» **Assignment**: Each record that follows should be repeated exactly, minus any images.

____ Data for this task

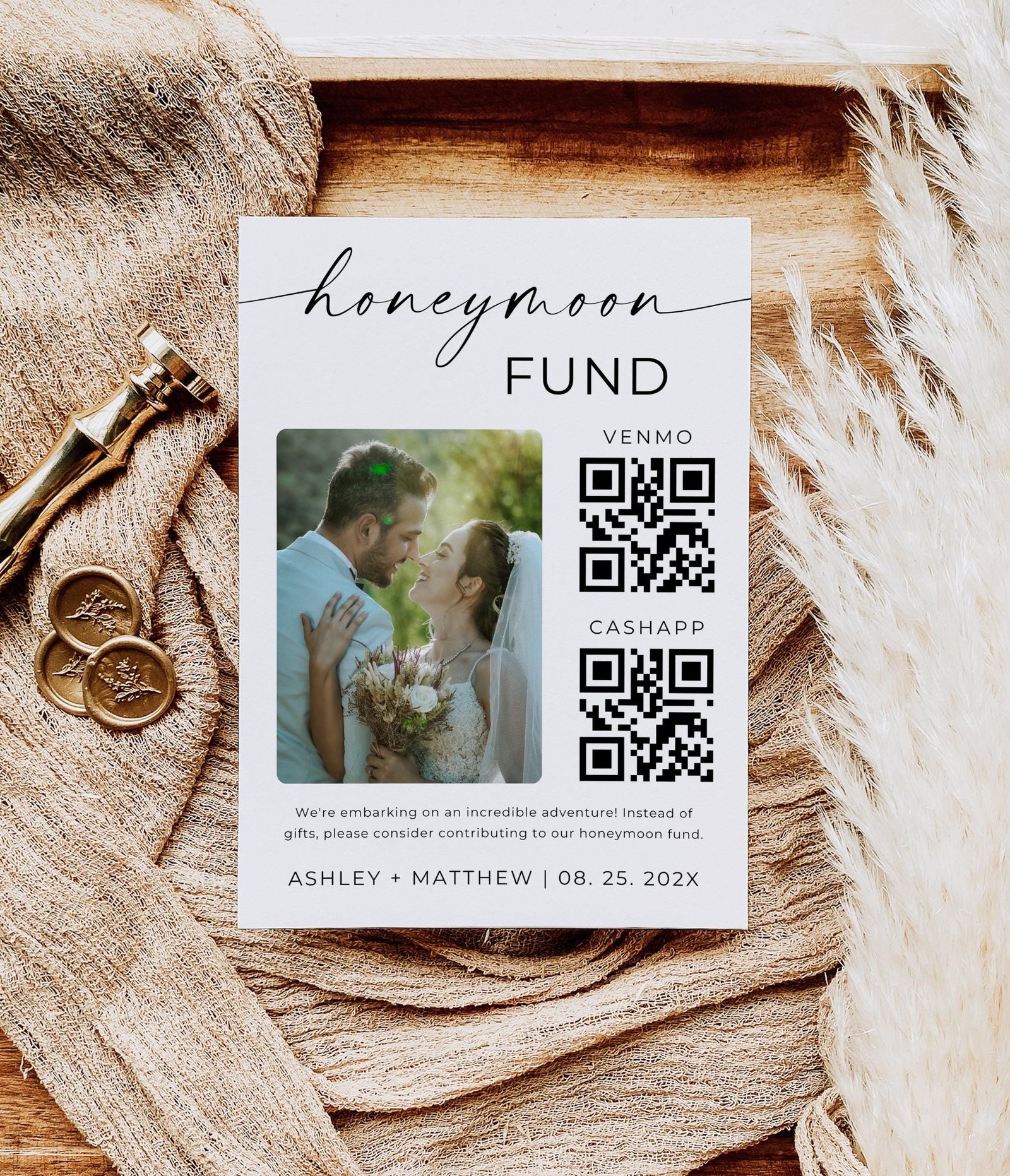 Designed for minimalist, boho, rustic, or modern weddings, this digital sign is not only stylish but also incredibly convenient. Simply download, print, and display it at your wedding reception, welcome table, or bridal shower to start collecting contributions for your dream honeymoon instantly.
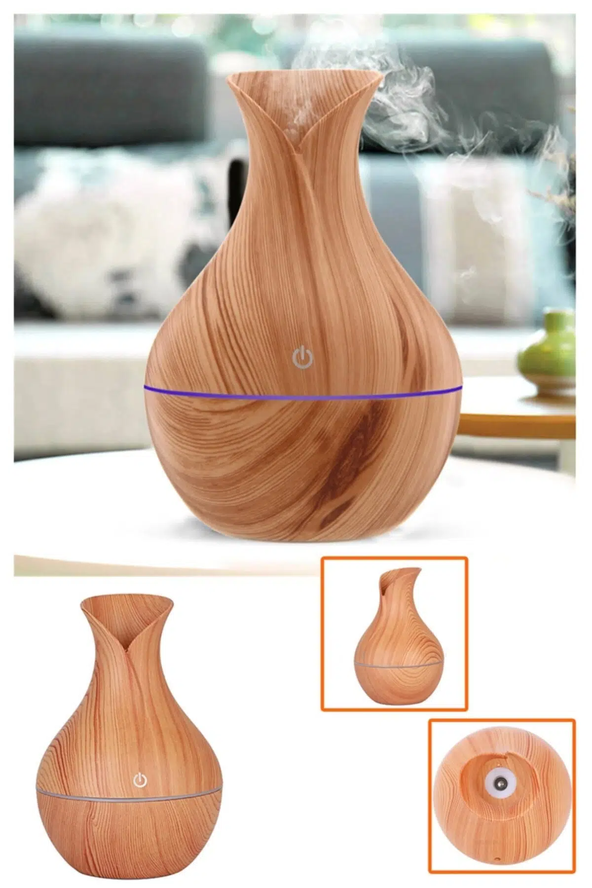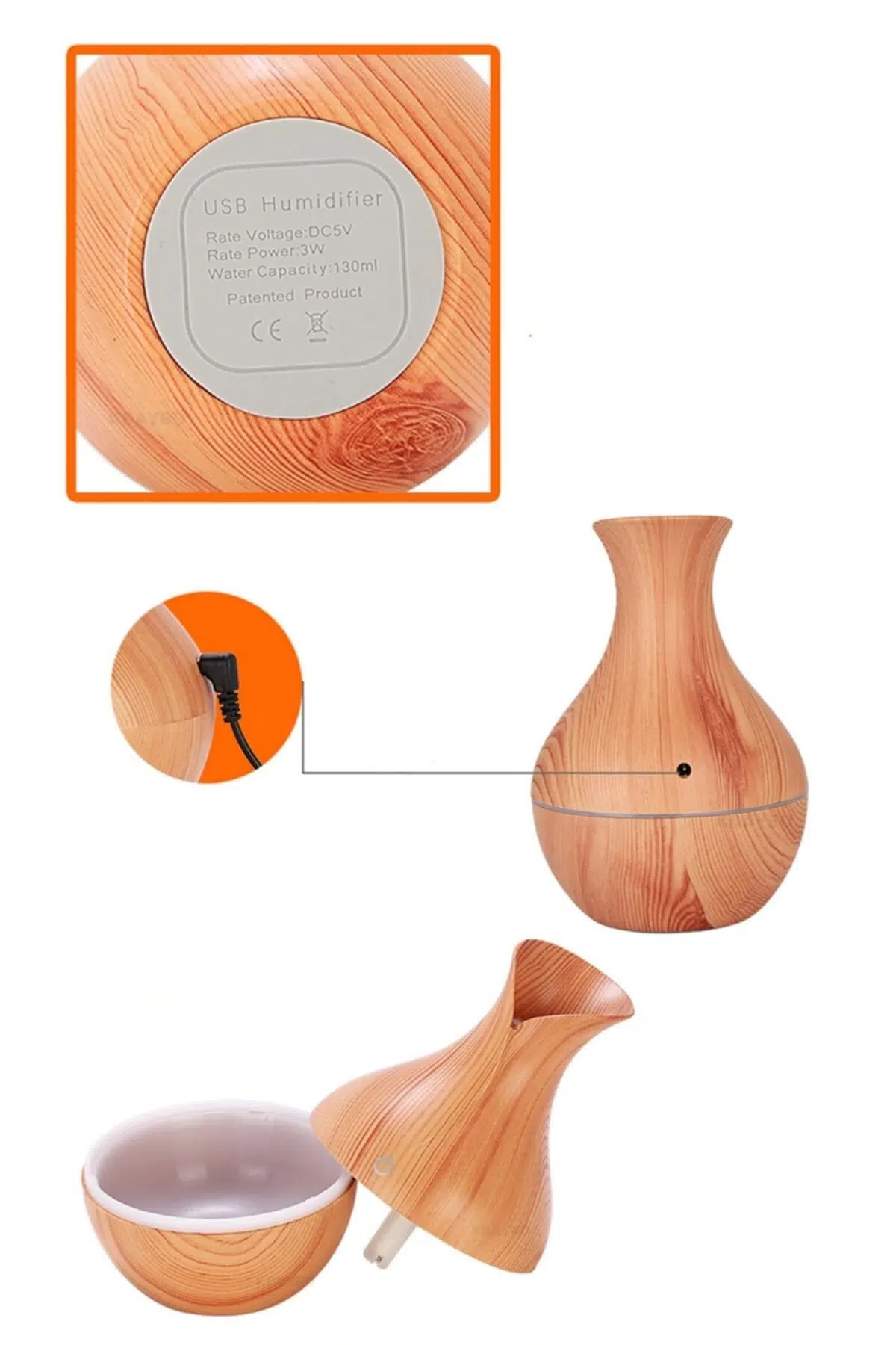 USB Bağlantı Ahşap Görünümlü Işıklı Aromalı Hava Nemlendirici Suyu mikron su moleküllerine Atomize edin, su eksik cildi besler, atmosferinizin ahengini değiştirir, havasını tazeler. Seçeceğiniz aromaterapi yağları ile atmosferinizin ahengini değiştirir. Zarif ahşap tahıl desen, sabit sprey hızı, renkli ışık ile süper sessiz çalışma modu kullanım kolaylığına sahiptir. Geceleri kuru klima odasına veda edin, uyumak için gönül rahatlığı, rahatsız etmeyecektir. Bebek odası, yatak odası, ofis, araba, yoga veya spa salonu için mükemmel bir tercihtir. Elektrikli nemlendirici aroma yağı difüzörü ultrasonik ahşap hava nemlendirici USB serin mini mist maker ışıkları ev ofis için kullanıma uygundur. Yer kaplamaz, çok şık ahşap görünümlü vazo tasarımı sahip dekoratif bir aksesuar olma özelliğine sahiptir. İki farklı renç seçeneği bulunan ahşap görünümlü vazo tasarım mini nemlendiriciyidekorasyonunuza uygun olanı tercih edebilirsiniz. Ürün Özellikleri: Işıklı (Farklı Renkler) ; Vazo Model Tasaımlı ; Sessiz Çalışma özelliği ; Tank Kapasitesi:150ml ; Giriş: AC 100V ~ 240V, 50 / 60Hz ; Çıktı:DC 5V, 300-400mA ; Güç Tüketimi: 3W ; Nemlendirme Süresi: 6 ila 12 saat ; Malzeme: ABS ; Ürün Ağırlığı: 130 gram ; Nasıl Kullanılır?: 1. Üst kapağı saat yönünün tersine açın 2. Temiz su ekleyin Not: dilerseniz aromaterapi yağlardan kullanabilirsiniz. (aromaterapi yağları pakete dahil değildir) 3. USB güç kaynağını bağlayın 4. Açma kapama tüğmesine tel tıkla basın üzerindeki sprey haznesine dokunun. Nemlendirmeye başlayacaktır. Ürün Ölçüleri: En: 9, 5 cm Boy: 15 cm Paket İçeriği: 1 Adet USB Bağlantı Ahşap Görünümlü Işıklı Aromalı Hava Nemlendirici 1 Adet USB Kablosu 1 Adet Yedek Filtre 1 Adet Kullanım Kılavuzu
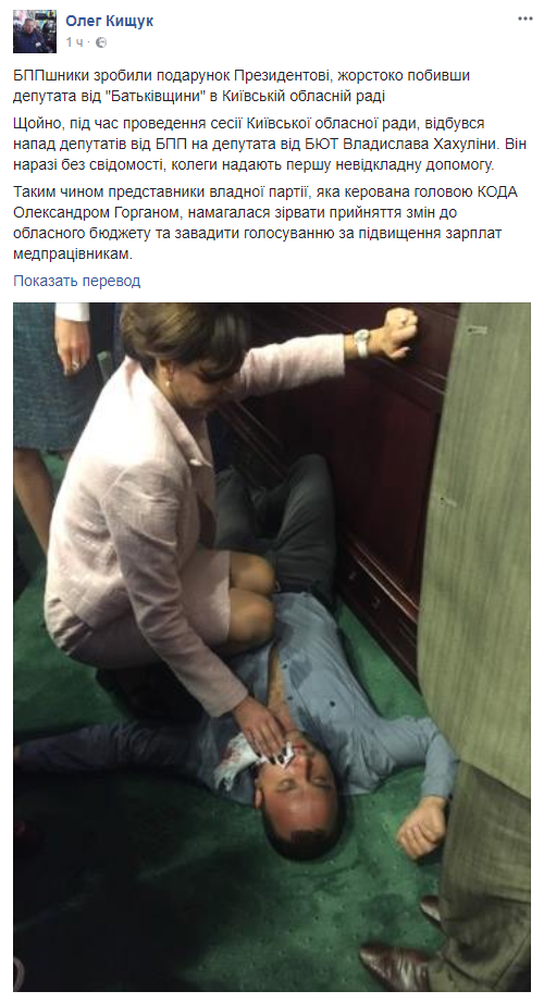 Олег Кищук, политический эксперт: "БППшники сделали подарок Президенту, жестоко избив депутата от "Батькивщины" в Киевском областном совете. Только что, во время проведения сессии Киевского областного совета, произошло нападение депутатов от БПП на депутата от БЮТ Владислава Хахулины. Он пока без сознания, коллеги оказывают первую неотложную помощь.
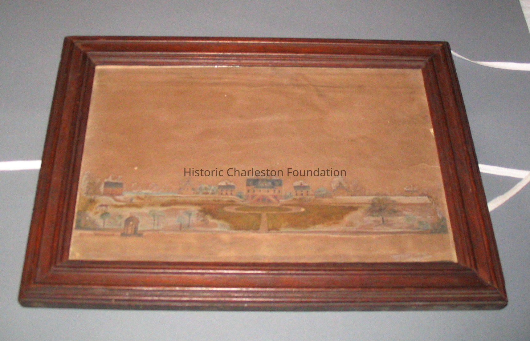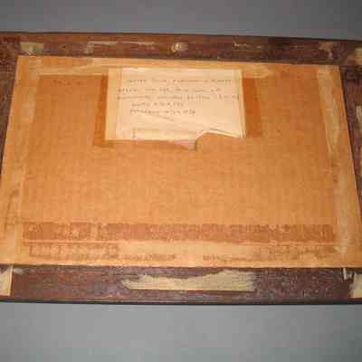 The paper was archivally hinged suing Japanese paper/starch paste onto buffered ragboard and reframed with spacers toned with watercolors in a sealed package consisting of the glass, matted picture, and 5 mil Mylar D on the back, taped wound the edges with 3M 810 tape.
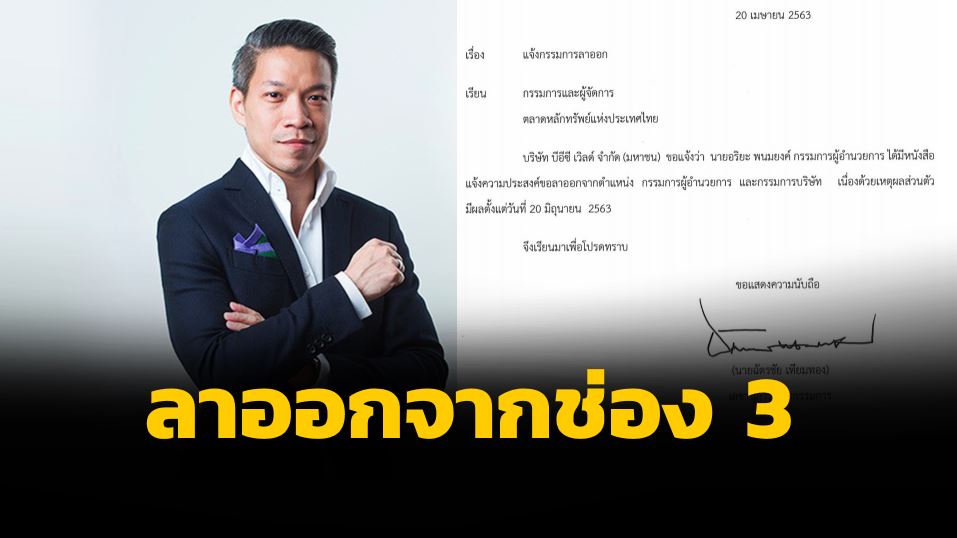 “อริยะ พนมยงค์” ลาออกจากกรรมการผู้อำนวยการและกรรมการบริษัท บริษัท บีอีซี เวิลด์ จำกัด (มหาชน) มีผลตั้งแต่ 20 มิถุนายน 2563 โดยให้เหตุผลส่วนตัว
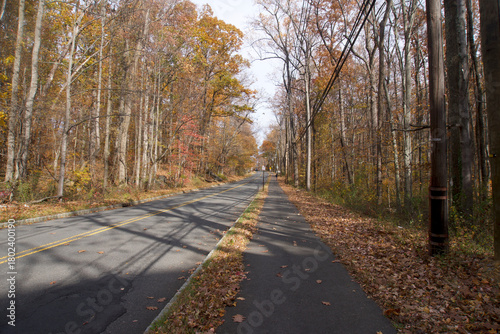 © depaz photolabs, Fototapeta premium Empty Road and Path Through Woods in Late Autumn
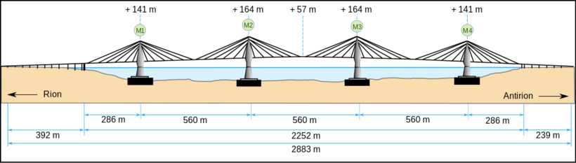 Греки не понаслышке знают, что такое землетрясения. Вся территория Греции, включая полуостров Пелопоннес и многочисленные острова, относится к зоне повышенной сейсмической активности. Проектируемый мост должен был выдержать без повреждений землетрясение в 7-8 баллов, так как подобные сейсмические события случаются в регионе регулярно. По этой причине была выбрана вантовая конструкция моста, которая позволяет подвесить дорожное полотно, изолировав его от основных опор. Сама проезжая часть как бы висит относительно опор моста и может колебаться подобно маятнику во время землетрясений.
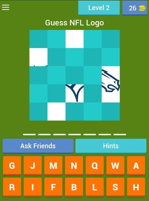 Угадайте NFL Спорт Логотип, используя скрытые изображения в качестве ключа. Вы должны ответить на вопрос, чтобы пройти каждый уровень путем размещения правильные буквы в доступном пространстве, которое является название команд НФЛ. Можете ли вы найти все название команды НФЛ?
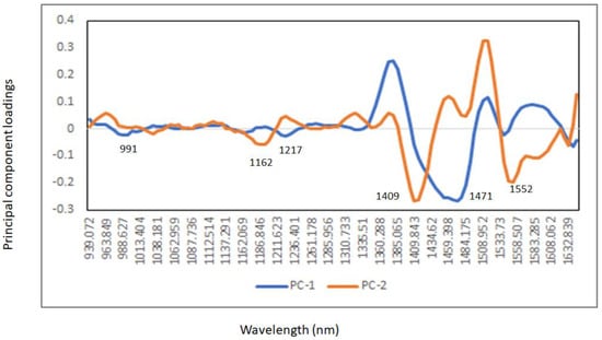 Principal component loadings used by the principal component analysis to evaluate the addition of methanol in the unadulterated commercial whisky samples and analyzed using the droplet collar attached to a portable near infrared instrument.

________

» **Task solution**:
 Designed for minimalist, boho, rustic, or modern weddings, this digital sign is not only stylish but also incredibly convenient. Simply download, print, and display it at your wedding reception, welcome table, or bridal shower to start collecting contributions for your dream honeymoon instantly.
 USB Bağlantı Ahşap Görünümlü Işıklı Aromalı Hava Nemlendirici Suyu mikron su moleküllerine Atomize edin, su eksik cildi besler, atmosferinizin ahengini değiştirir, havasını tazeler. Seçeceğiniz aromaterapi yağları ile atmosferinizin ahengini değiştirir. Zarif ahşap tahıl desen, sabit sprey hızı, renkli ışık ile süper sessiz çalışma modu kullanım kolaylığına sahiptir. Geceleri kuru klima odasına veda edin, uyumak için gönül rahatlığı, rahatsız etmeyecektir. Bebek odası, yatak odası, ofis, araba, yoga veya spa salonu için mükemmel bir tercihtir. Elektrikli nemlendirici aroma yağı difüzörü ultrasonik ahşap hava nemlendirici USB serin mini mist maker ışıkları ev ofis için kullanıma uygundur. Yer kaplamaz, çok şık ahşap görünümlü vazo tasarımı sahip dekoratif bir aksesuar olma özelliğine sahiptir. İki farklı renç seçeneği bulunan ahşap görünümlü vazo tasarım mini nemlendiriciyidekorasyonunuza uygun olanı tercih edebilirsiniz. Ürün Özellikleri: Işıklı (Farklı Renkler) ; Vazo Model Tasaımlı ; Sessiz Çalışma özelliği ; Tank Kapasitesi:150ml ; Giriş: AC 100V ~ 240V, 50 / 60Hz ; Çıktı:DC 5V, 300-400mA ; Güç Tüketimi: 3W ; Nemlendirme Süresi: 6 ila 12 saat ; Malzeme: ABS ; Ürün Ağırlığı: 130 gram ; Nasıl Kullanılır?: 1. Üst kapağı saat yönünün tersine açın 2. Temiz su ekleyin Not: dilerseniz aromaterapi yağlardan kullanabilirsiniz. (aromaterapi yağları pakete dahil değildir) 3. USB güç kaynağını bağlayın 4. Açma kapama tüğmesine tel tıkla basın üzerindeki sprey haznesine dokunun. Nemlendirmeye başlayacaktır. Ürün Ölçüleri: En: 9, 5 cm Boy: 15 cm Paket İçeriği: 1 Adet USB Bağlantı Ahşap Görünümlü Işıklı Aromalı Hava Nemlendirici 1 Adet USB Kablosu 1 Adet Yedek Filtre 1 Adet Kullanım Kılavuzu
 Олег Кищук, политический эксперт: "БППшники сделали подарок Президенту, жестоко избив депутата от "Батькивщины" в Киевском областном совете. Только что, во время проведения сессии Киевского областного совета, произошло нападение депутатов от БПП на депутата от БЮТ Владислава Хахулины. Он пока без сознания, коллеги оказывают первую неотложную помощь.
 The paper was archivally hinged suing Japanese paper/starch paste onto buffered ragboard and reframed with spacers toned with watercolors in a sealed package consisting of the glass, matted picture, and 5 mil Mylar D on the back, taped wound the edges with 3M 810 tape.
 “อริยะ พนมยงค์” ลาออกจากกรรมการผู้อำนวยการและกรรมการบริษัท บริษัท บีอีซี เวิลด์ จำกัด (มหาชน) มีผลตั้งแต่ 20 มิถุนายน 2563 โดยให้เหตุผลส่วนตัว
 © depaz photolabs, Fototapeta premium Empty Road and Path Through Woods in Late Autumn
 Греки не понаслышке знают, что такое землетрясения. Вся территория Греции, включая полуостров Пелопоннес и многочисленные острова, относится к зоне повышенной сейсмической активности. Проектируемый мост должен был выдержать без повреждений землетрясение в 7-8 баллов, так как подобные сейсмические события случаются в регионе регулярно. По этой причине была выбрана вантовая конструкция моста, которая позволяет подвесить дорожное полотно, изолировав его от основных опор. Сама проезжая часть как бы висит относительно опор моста и может колебаться подобно маятнику во время землетрясений.
 Угадайте NFL Спорт Логотип, используя скрытые изображения в качестве ключа. Вы должны ответить на вопрос, чтобы пройти каждый уровень путем размещения правильные буквы в доступном пространстве, которое является название команд НФЛ. Можете ли вы найти все название команды НФЛ?
 Principal component loadings used by the principal component analysis to evaluate the addition of methanol in the unadulterated commercial whisky samples and analyzed using the droplet collar attached to a portable near infrared instrument.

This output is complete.